PETALING JAYA: The Malayan Cement Bhd-YTL Cement Bhd deal will potentially bolster Malayan Cement’s earnings while unlocking value for YTL Cement’s business.
This, against a backdrop of an improving cement sector, has prompted analysts to upgrade their calls on the companies.
Malayan Cement recently announced that it plans to buy the entire equity interest of YTL Cement’s companies and their subsidiaries which are involved in cement and ready-mixed concrete operations for RM5.16bil.
This will be satisfied via a combination of cash, new share issuances and new irredeemable convertible preference shares. However, the deal is subjected to shareholders’ approval.
In its report, MIDF Research which upgraded its call to “buy” for YTL Corp Bhd, which is YTL Cement’s parent company, and maintained its “buy” call for Malayan Cement, said the development is a positive for YTL Cement in that it potentially unlocks value in its businesses.
“Other potential catalysts include the YTL group’s 45%-owned 554MW shale-fired power plant which is due to come on-stream soon although we think YTL Power Bhd is a more leveraged play into this, ” it told clients.
In the report, MIDF pointed out that a valuation of RM5.16bil effectively values YTL Cement’s businesses at an estimated 14.7 times its FY21 earnings.
“More importantly, post-consolidation, we see potential value enhancement considering that Malayan Cement trades at one time its FY21 price to book value, which is a 69% premium against YTL’s group-wide price to book value of 0.6 times, ” it said.
For Malayan Cement, MIDF said the asset rationalisation exercise was a step further for the group to achieve greater operational synergies which could improve the financial performance of the group moving forward.

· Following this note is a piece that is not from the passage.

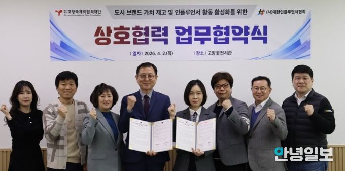 안녕일보 배윤 기자 | 재단법인 고양국제박람회재단은 지난 2일 (사)대한인플루언서협회와 고양특례시의 도시 브랜드 가치 제고와 공공 홍보 활성화를 위한 업무협약(MOU)을 체결했다.

The acquiree companies have an aggregate revenue and profit after tax of RM1.47bil and RM176.1mil respectively for the six-month financial period ending Dec 31,2020 and have been profitable for the past three years, indicating a strong operational and financial profile, it pointed out.
“The profitability has been driven primarily by the higher demand for cement and improved average selling prices, coupled with lower costs of production.”
MIDF said it believes that continuous effective cost synergies and a steady revenue growth trajectory will be able to result in “exciting” earnings turnaround prospects for the group from FY21 onwards.
“Coupled with a potentially considerable domestic demand for the group’s products such as cement, concrete and construction aggregates from the continuation of mega public infra projects, we postulate that these developments would bode well for the group’s revenue and earnings moving forward, ” the research outfit said.
Likewise, in its report on Malayan Cement, AmInvestment Bank’s research unit said “post-exercise, we are more inclined to value the new entirety via an earnings-based valuation method versus the asset-based method currently used, given that it shall emerge a more profitable company.”
It maintained its view that the worst was behind the cement sector in Peninsular Malaysia.
AmInvestment, however, warned that the recovery in the cement sector will be gradual given the still weak outlook for its two main consuming industries, namely property and construction, which are still being weighed down by the lingering Covid-19 pandemic.